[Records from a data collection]
▬▬▬▬▬▬
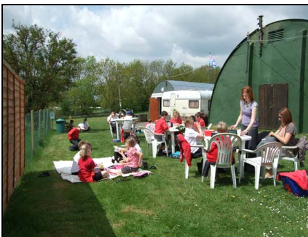
A well earned break.
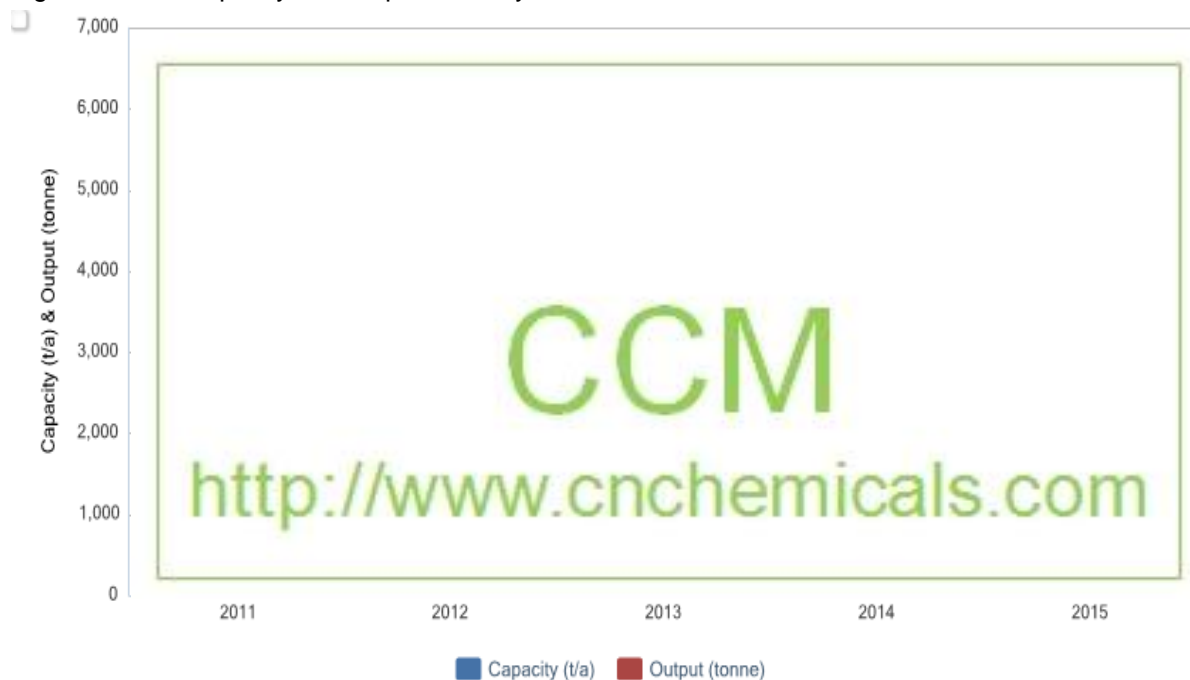
Figure 1.1.3-1 Capacity and output of azoxystrobin technical in China, 2011-2015
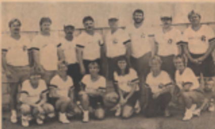
Home Plate sits with the 14 Championship of the Coburg Mixed Lob Ball League every year since 1991.
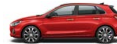
Engine Red (Solid)
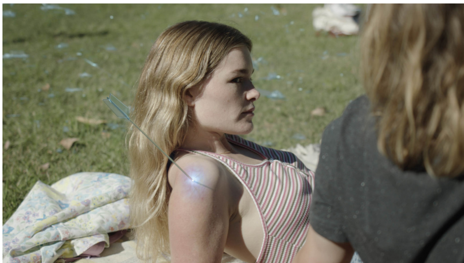
Figure 2. Image from If You Could See UV campaign video advertisement

The Skin Cancer Online Tracking Survey (SCOTS) was used to evaluate the campaign for awareness, impact and engagement. SCOTS comprises a cross-sectional tracking survey of NSW residents aged 13–54 years recruited from an opt-in research-only online panel operated by i-Link Research. Direct invitations were sent to 18–54-year-old panellists and 13–17-year-olds were recruited indirectly via their parents on the panel. The survey was conducted over 15 weeks, from 14 November 2022 to 5 March 2023. The sample size was n = 100 per week, with an additional boost sample of n = 25 , 18–24-year-olds. The weekly sample was stratified by age (25% for each of 13–17 years, 18–24 years, 25–34 years and 35–54 years), location (60% Sydney, 40% regional/rural NSW) and gender (50% females and 50% males). The total sample size was n = 1875 , including n = 750 , 18–24-year-olds. Given that 18–24-year-
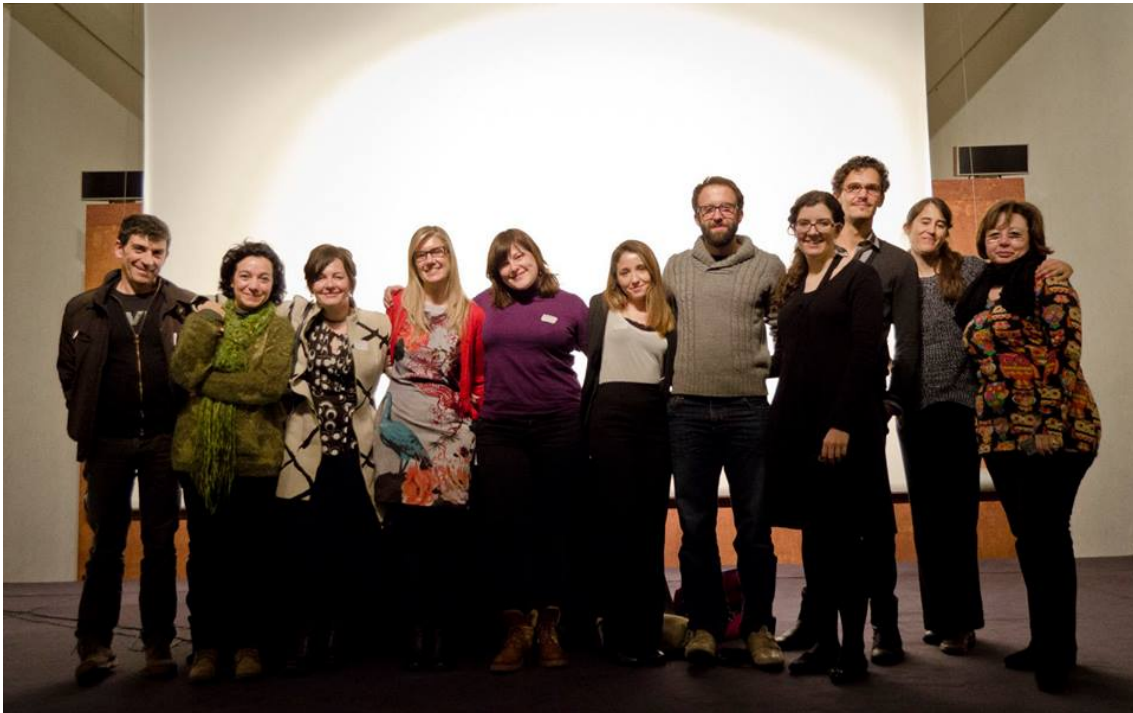
Acre IV General Assembly Committee and Members

https://es.scribd.com/doc/241092946/Novedades-de-ECCO-pdf
▬▬▬▬▬▬
Above are the records. Copy only the lines from the one with "Engine Red (Solid)" through the one with "Figure 2. Image", exactly, with no pictures.

§ Result for this exercise
Engine Red (Solid)
Figure 2. Image from If You Could See UV campaign video advertisement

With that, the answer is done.